City of London Corporation has called for the UK government to develop a financial and professional services strategy to unlock up to £7.7bn in additional capital from foreign sovereign investors by 2030

It pointed out that over the past decade, sovereign wealth and public pension funds that have opened a UK office have more than doubled their UK investments compared to the five years preceding their presence in the country. This, according to the corporation, has led to an additional £13.4bn investment across the UK in key growth areas such as infrastructure, innovative tech sectors and renewable energy with 92 investments by these firms spread across 36 different cities and towns outside London.

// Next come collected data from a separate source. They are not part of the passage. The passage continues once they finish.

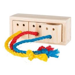 - v jednotlivých kostkách se ukryje pamlsek a zataháním za sisalový provázek si králík otevře šuplík kde je pamlsek schován
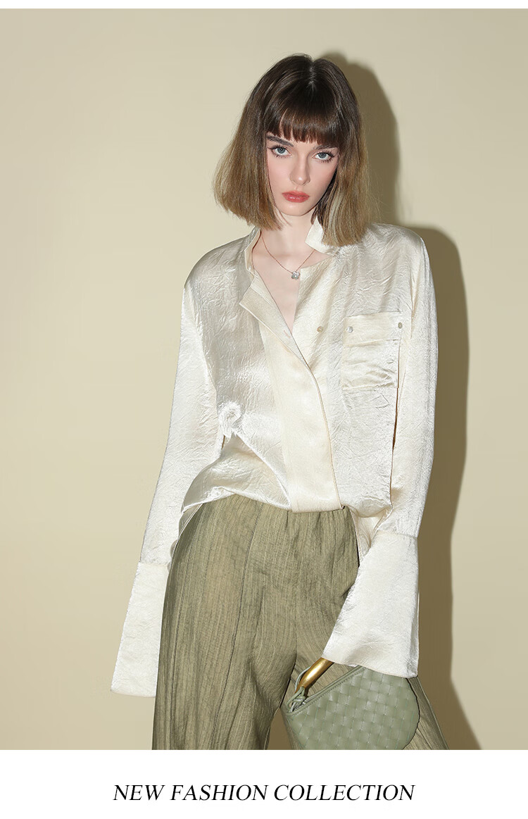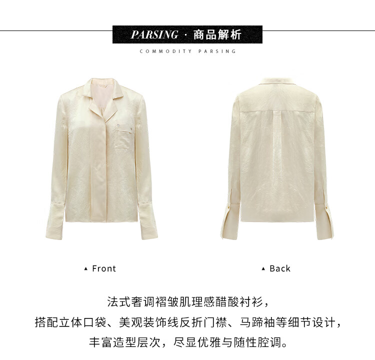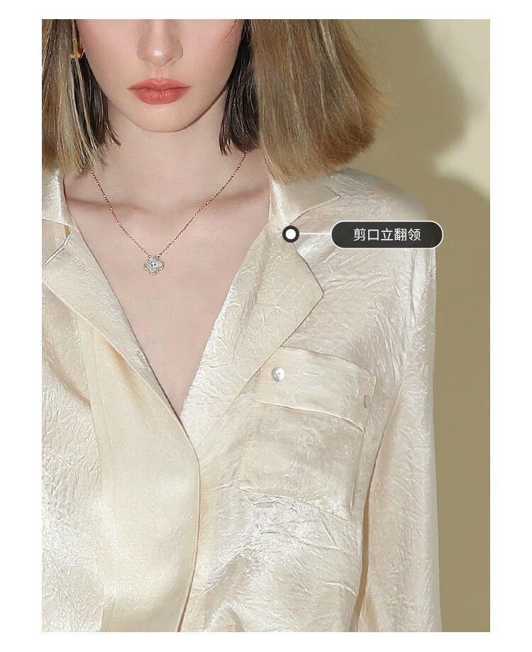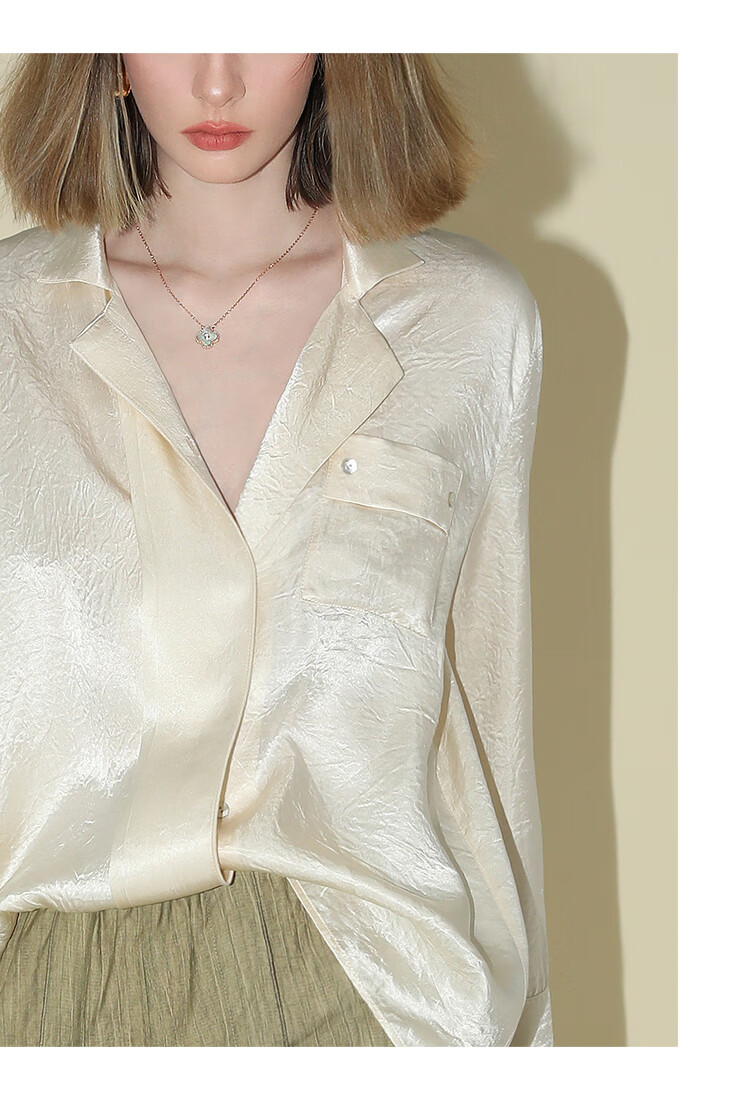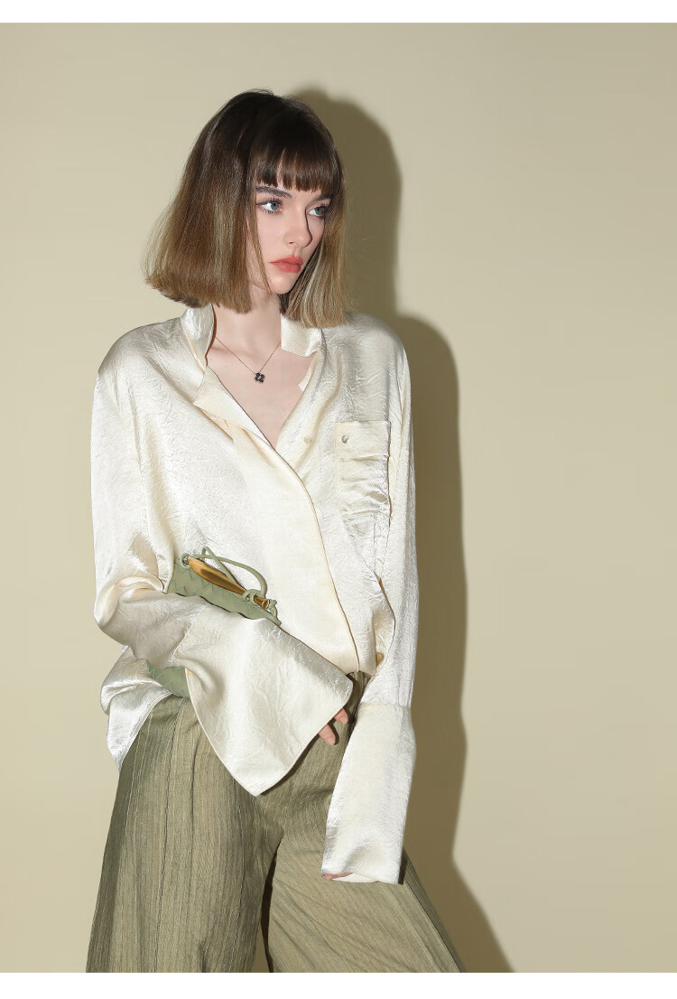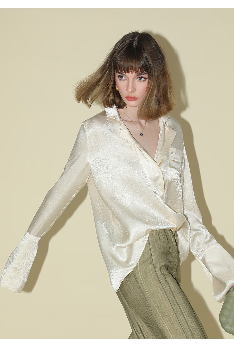 COCOBELLA[醋酸]丝光褶皱肌理丝滑垂坠马蹄袖衬衫SR7011
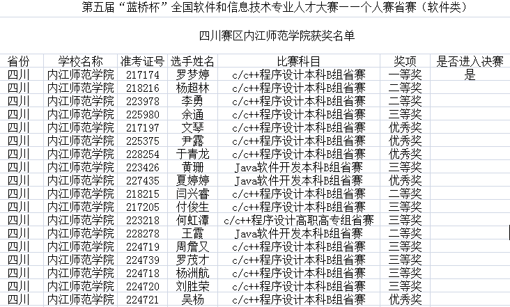 4月3日,“蓝桥杯”大赛组委会传来喜讯:我院2011级2班学生罗梦婷在四川省“蓝桥杯”C/C++程序设计本科B组中获得一等奖。
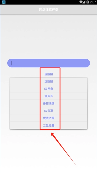 2、要是你在盘搜搜没找到想要的资源,可以在首页切换其他搜索引擎继续搜索
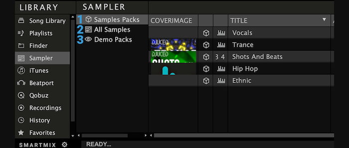 1. Samples Packs: this category regroups all the Samples Packs you imported or Saved.

Sticking with economic growth, Schroders Capital has this month received regulatory approval from the UK’s Financial Conduct Authority (FCA) to launch its third Long-Term Asset Fund (LTAF) and the first dedicated to UK venture capital.

DB Funding Code

The UK’s defined benefit (DB) funding code came into effect on 22 September and The Pensions Regulator (TPR) published an amended Statement of Strategy the following day setting out the information trustees need to submit as part of planning and managing their DB scheme funding position. After consulting on the original document back in March, the regulator has listened to the industry’s feedback and introduced a number of amendments.

De-risking

After completing first external transaction in July, Royal London has cemented its entry into the bulk purchase annuity (BPA) market by establishing a team of 40 experts led by director of BPA solutions Paul Bowker, to focus on working with trustees and advisers on transactions of up to £500m.

The bulk annuity market currently consists of 11 participants, with Brookfield reportedly awaiting approval from the Prudential Regulation Authority to set up a new insurer.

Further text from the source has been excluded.